Store omics data cost effectively at any scale with AWS HealthOmics

AWS HealthOmics is a managed service designed to help healthcare and life sciences organizations manage genomic and transcriptomic datasets cost-effectively. By automating metadata management, compression, and storage class tiering, HealthOmics frees up researchers to focus on analyzing omics data instead of spending time managing it.

Storage efficiency, cost optimization and ease of access to omics data are frequent challenges we hear from customers in the healthcare and life sciences industry. The term “omics” collectively refers to various disciplines in biology such as genomics, transcriptomics, and proteomics. The study of omics data is rapidly developing and growing through applications in drug discovery, clinical development, early disease detection, precision medicine, and infectious disease testing and tracing. The cost of sequencing a human genome declined from $100M in 2000 to $200 in 2023, enabling researchers to generate more omics data than ever before with the goal of better understanding how the genome functions and affects human health and disease.

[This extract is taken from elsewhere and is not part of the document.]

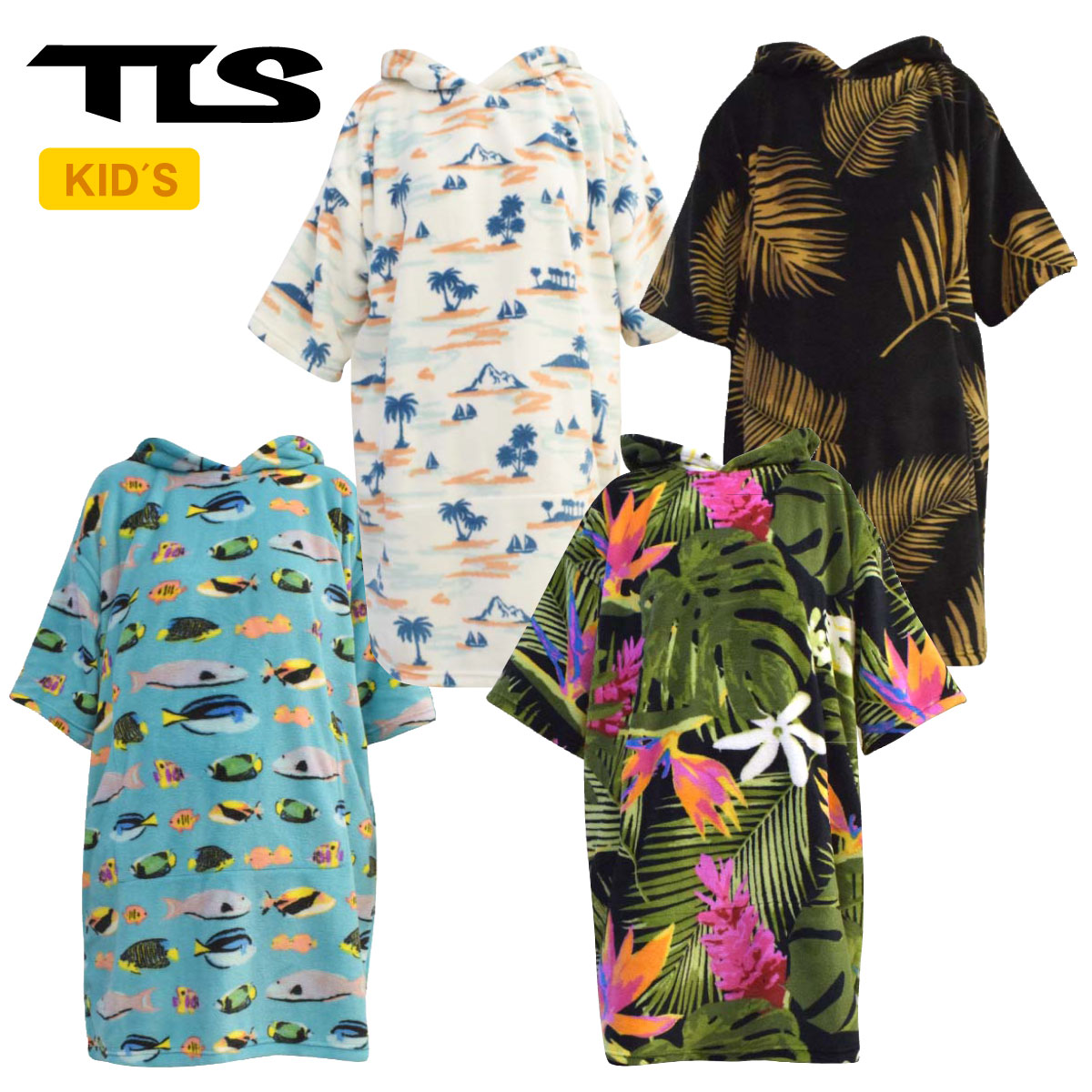 TLS ツールス キッズ 100-120cm 着替タオル マイクロファイバー ポンチョ プール 海水浴 OH933-120-

While omics data is transforming how to treat disease, its volume and scale can be complicated and costly to manage. HealthOmics is a managed service purpose built to store, query, analyze, and generate insights from genomic, transcriptomic, and other biological data at scale. It has three components: storage, workflows, and analytics, that help drive different areas of omics research. This blog focuses on HealthOmics Storage and its benefits for managing omics data at scale.

AWS HealthOmics Storage

HealthOmics Storage has two data stores, reference store and sequence store. HealthOmics reference stores are used to store organism’s genome references. HealthOmics sequence stores are used to store raw sequencing data, like that is generated from DNA sequencing devices.

Genomic data uses standardized file formats such as FASTA, FASTQ, BAM, uBAM, and CRAM. HealthOmics reference and sequence stores are purpose built to handle these formats. HealthOmics Storage preserves metadata such as file linkages, alignments, base counts, indexes, protocol, custom tags, and more. This metadata helps in data provenance, the process of tracking the origin and history of data throughout its lifecycle. A HealthOmics sequence store uses “read set” resources to store and manage data. A read set is a grouping of sequencing files (e.g., FASTQ paired reads), with metadata like subject and sample IDs. This grouping ensures the data stays well organized with a consistent metadata structure.

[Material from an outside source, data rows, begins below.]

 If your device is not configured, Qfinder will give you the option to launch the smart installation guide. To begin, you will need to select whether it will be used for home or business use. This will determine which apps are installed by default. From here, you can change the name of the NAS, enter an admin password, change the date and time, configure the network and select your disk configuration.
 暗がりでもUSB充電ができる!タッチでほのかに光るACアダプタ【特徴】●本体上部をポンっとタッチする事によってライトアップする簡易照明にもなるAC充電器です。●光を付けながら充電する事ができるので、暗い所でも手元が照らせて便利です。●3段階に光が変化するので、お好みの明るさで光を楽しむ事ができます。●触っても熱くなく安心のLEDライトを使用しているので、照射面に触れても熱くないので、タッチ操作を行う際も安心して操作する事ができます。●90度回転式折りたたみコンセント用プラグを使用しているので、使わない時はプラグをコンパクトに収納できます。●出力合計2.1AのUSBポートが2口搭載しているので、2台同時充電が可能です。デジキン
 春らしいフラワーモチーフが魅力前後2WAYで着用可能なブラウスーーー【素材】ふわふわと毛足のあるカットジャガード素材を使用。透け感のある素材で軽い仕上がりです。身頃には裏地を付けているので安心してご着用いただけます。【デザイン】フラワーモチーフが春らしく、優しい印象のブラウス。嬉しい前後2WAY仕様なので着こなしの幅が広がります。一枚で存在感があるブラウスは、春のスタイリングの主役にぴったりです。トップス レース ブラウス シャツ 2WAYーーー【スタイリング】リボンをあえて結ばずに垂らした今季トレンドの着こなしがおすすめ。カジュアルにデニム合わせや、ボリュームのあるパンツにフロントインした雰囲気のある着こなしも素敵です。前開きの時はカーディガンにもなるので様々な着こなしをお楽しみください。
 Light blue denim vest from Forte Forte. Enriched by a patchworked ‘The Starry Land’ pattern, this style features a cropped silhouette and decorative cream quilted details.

HealthOmics reference stores have no associated cost. HealthOmics sequence store costs are based on gigabases instead of gigabytes. A gigabase is a unit of measurement used in the field of molecular biology to represent the number of base pairs in a DNA molecule. It is equivalent to a billion base pairs, or 10^9 base pairs. In contrast, a gigabyte is a unit of measurement used in the field of computer science and is equal to 10^9 bytes. DNA sequencing devices often generate gigabases of output per run. By measuring costs in gigabases, HealthOmics Storage helps you associate costs with your scientific experiments without worrying about file representations or compression ratios.

Automated tiering and compression in HealthOmics sequence stores helps you optimize costs with minimal effort while maintaining quick and easy access to your data. HealthOmics sequence stores have two storage classes: active and archive. The active storage class is for frequently accessed data. You can access active read sets instantly with transfer latencies in milliseconds. The archive storage class is for infrequently used data. Archived read sets are stored at lower cost than active read sets, and need to be activated before they can be accessed. Activating an archived read set can be done at no cost via the HealthOmics StartReadSetActivation API or the AWS Console.

HealthOmics Storage automates transitioning read sets from active to archive storage class based on access patterns, without the need for user intervention. If a read set has not been accessed for 30 consecutive days, it is automatically processed, compressed, and transitioned to the archive storage class (see Figure 1).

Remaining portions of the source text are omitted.